*Problem details*
Reproduce the entries shown below only from the line with "康泰生物布局肺炎克雷伯菌疫苗" down to the line with "Флюид арт шедевральные", keeping both end lines and copying each one exactly.

********************

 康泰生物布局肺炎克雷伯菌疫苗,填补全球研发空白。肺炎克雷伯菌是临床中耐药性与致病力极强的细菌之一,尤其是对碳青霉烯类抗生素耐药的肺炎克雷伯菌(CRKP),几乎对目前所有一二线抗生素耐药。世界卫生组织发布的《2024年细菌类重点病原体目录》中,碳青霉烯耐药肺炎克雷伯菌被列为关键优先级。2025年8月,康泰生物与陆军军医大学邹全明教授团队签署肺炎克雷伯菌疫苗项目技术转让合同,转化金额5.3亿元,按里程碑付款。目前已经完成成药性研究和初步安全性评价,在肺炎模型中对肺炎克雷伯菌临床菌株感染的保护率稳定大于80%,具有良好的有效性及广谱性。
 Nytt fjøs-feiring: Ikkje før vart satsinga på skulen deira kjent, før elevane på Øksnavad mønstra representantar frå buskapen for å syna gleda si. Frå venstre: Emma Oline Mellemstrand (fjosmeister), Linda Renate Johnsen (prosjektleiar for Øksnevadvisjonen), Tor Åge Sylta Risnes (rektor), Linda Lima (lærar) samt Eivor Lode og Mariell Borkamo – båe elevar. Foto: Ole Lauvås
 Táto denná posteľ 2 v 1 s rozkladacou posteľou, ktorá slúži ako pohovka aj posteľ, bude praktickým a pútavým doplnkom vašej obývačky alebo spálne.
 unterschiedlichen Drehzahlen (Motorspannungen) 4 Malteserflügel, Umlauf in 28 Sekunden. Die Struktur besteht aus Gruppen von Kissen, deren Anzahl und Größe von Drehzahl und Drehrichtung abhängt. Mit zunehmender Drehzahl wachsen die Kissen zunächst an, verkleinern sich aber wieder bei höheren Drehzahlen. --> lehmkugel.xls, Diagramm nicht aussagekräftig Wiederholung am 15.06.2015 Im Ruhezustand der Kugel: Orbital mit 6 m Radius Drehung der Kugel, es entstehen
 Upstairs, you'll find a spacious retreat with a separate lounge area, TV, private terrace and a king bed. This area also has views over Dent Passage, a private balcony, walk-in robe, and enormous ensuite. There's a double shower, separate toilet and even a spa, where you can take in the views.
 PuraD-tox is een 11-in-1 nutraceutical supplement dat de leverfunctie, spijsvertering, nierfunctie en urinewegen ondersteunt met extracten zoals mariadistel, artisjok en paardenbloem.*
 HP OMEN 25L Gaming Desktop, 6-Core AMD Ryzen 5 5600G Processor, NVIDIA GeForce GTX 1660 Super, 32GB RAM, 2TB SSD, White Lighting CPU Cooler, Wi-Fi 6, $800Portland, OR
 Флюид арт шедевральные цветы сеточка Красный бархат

********************

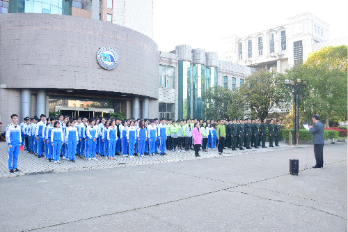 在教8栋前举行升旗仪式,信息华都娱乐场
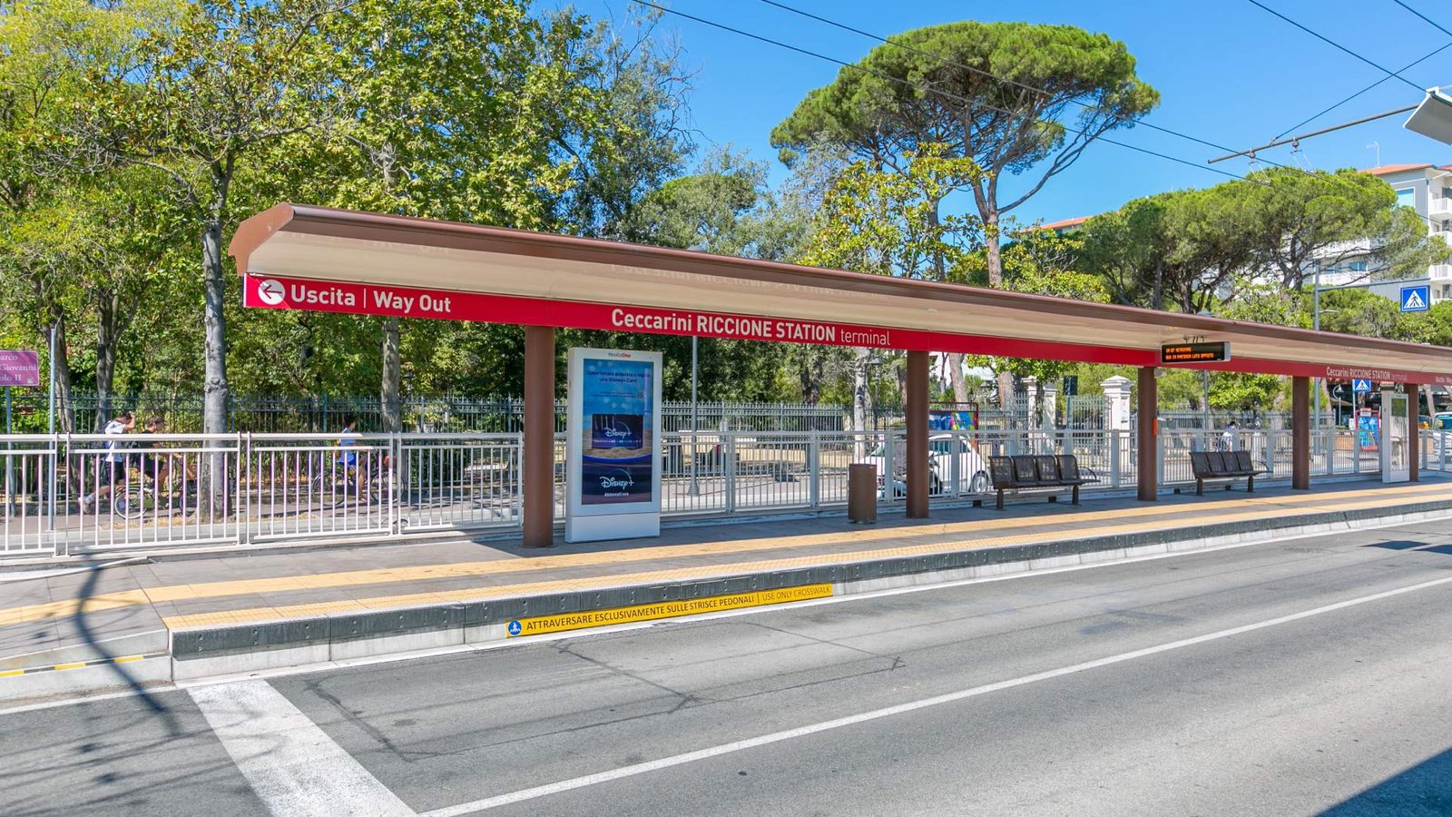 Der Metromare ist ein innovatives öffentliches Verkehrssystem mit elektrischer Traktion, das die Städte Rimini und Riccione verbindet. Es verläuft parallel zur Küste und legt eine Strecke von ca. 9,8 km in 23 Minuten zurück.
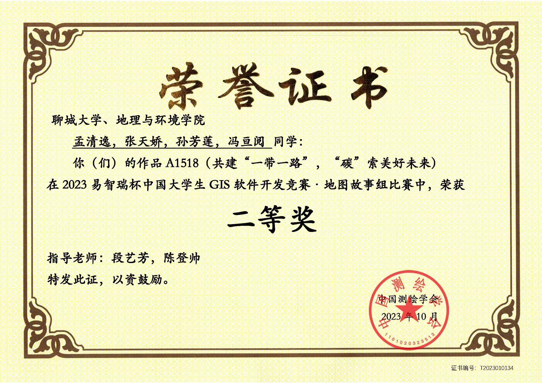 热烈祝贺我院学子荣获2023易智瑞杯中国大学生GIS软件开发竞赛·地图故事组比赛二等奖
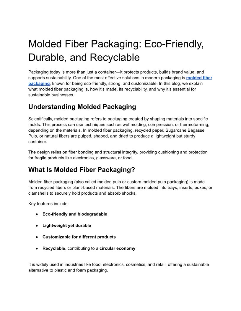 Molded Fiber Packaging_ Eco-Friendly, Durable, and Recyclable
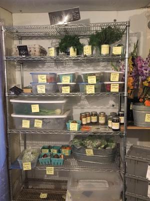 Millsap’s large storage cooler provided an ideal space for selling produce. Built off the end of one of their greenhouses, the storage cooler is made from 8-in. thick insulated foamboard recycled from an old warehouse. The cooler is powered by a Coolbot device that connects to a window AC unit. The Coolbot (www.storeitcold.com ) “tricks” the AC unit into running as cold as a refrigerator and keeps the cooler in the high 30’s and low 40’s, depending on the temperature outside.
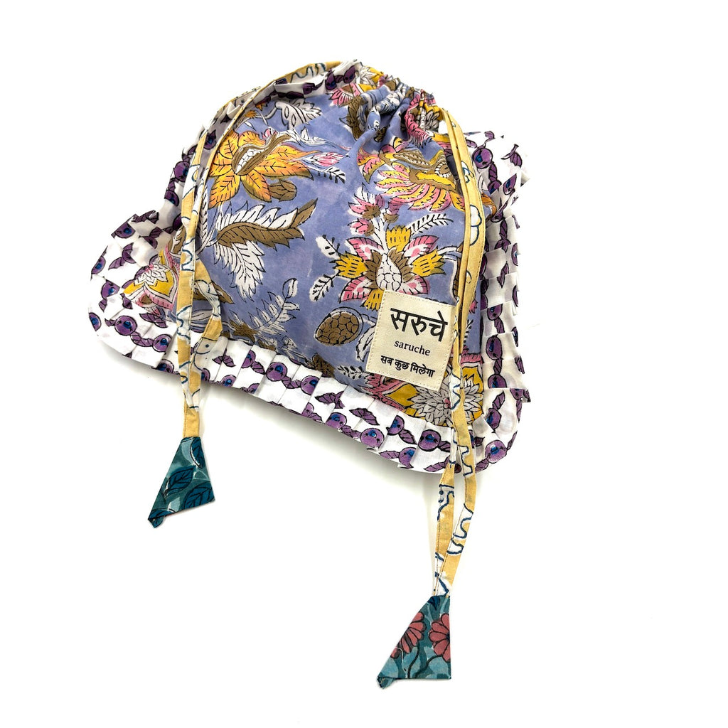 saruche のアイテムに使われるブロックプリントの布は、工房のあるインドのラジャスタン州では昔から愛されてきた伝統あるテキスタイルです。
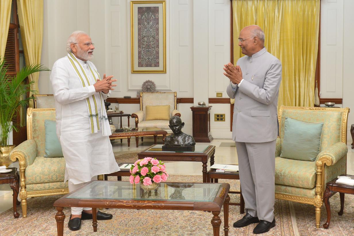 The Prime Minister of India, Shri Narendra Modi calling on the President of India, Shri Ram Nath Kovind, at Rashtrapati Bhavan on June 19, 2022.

********************

*Solution to the exercise*
 康泰生物布局肺炎克雷伯菌疫苗,填补全球研发空白。肺炎克雷伯菌是临床中耐药性与致病力极强的细菌之一,尤其是对碳青霉烯类抗生素耐药的肺炎克雷伯菌(CRKP),几乎对目前所有一二线抗生素耐药。世界卫生组织发布的《2024年细菌类重点病原体目录》中,碳青霉烯耐药肺炎克雷伯菌被列为关键优先级。2025年8月,康泰生物与陆军军医大学邹全明教授团队签署肺炎克雷伯菌疫苗项目技术转让合同,转化金额5.3亿元,按里程碑付款。目前已经完成成药性研究和初步安全性评价,在肺炎模型中对肺炎克雷伯菌临床菌株感染的保护率稳定大于80%,具有良好的有效性及广谱性。
 Nytt fjøs-feiring: Ikkje før vart satsinga på skulen deira kjent, før elevane på Øksnavad mønstra representantar frå buskapen for å syna gleda si. Frå venstre: Emma Oline Mellemstrand (fjosmeister), Linda Renate Johnsen (prosjektleiar for Øksnevadvisjonen), Tor Åge Sylta Risnes (rektor), Linda Lima (lærar) samt Eivor Lode og Mariell Borkamo – båe elevar. Foto: Ole Lauvås
 Táto denná posteľ 2 v 1 s rozkladacou posteľou, ktorá slúži ako pohovka aj posteľ, bude praktickým a pútavým doplnkom vašej obývačky alebo spálne.
 unterschiedlichen Drehzahlen (Motorspannungen) 4 Malteserflügel, Umlauf in 28 Sekunden. Die Struktur besteht aus Gruppen von Kissen, deren Anzahl und Größe von Drehzahl und Drehrichtung abhängt. Mit zunehmender Drehzahl wachsen die Kissen zunächst an, verkleinern sich aber wieder bei höheren Drehzahlen. --> lehmkugel.xls, Diagramm nicht aussagekräftig Wiederholung am 15.06.2015 Im Ruhezustand der Kugel: Orbital mit 6 m Radius Drehung der Kugel, es entstehen
 Upstairs, you'll find a spacious retreat with a separate lounge area, TV, private terrace and a king bed. This area also has views over Dent Passage, a private balcony, walk-in robe, and enormous ensuite. There's a double shower, separate toilet and even a spa, where you can take in the views.
 PuraD-tox is een 11-in-1 nutraceutical supplement dat de leverfunctie, spijsvertering, nierfunctie en urinewegen ondersteunt met extracten zoals mariadistel, artisjok en paardenbloem.*
 HP OMEN 25L Gaming Desktop, 6-Core AMD Ryzen 5 5600G Processor, NVIDIA GeForce GTX 1660 Super, 32GB RAM, 2TB SSD, White Lighting CPU Cooler, Wi-Fi 6, $800Portland, OR
 Флюид арт шедевральные цветы сеточка Красный бархат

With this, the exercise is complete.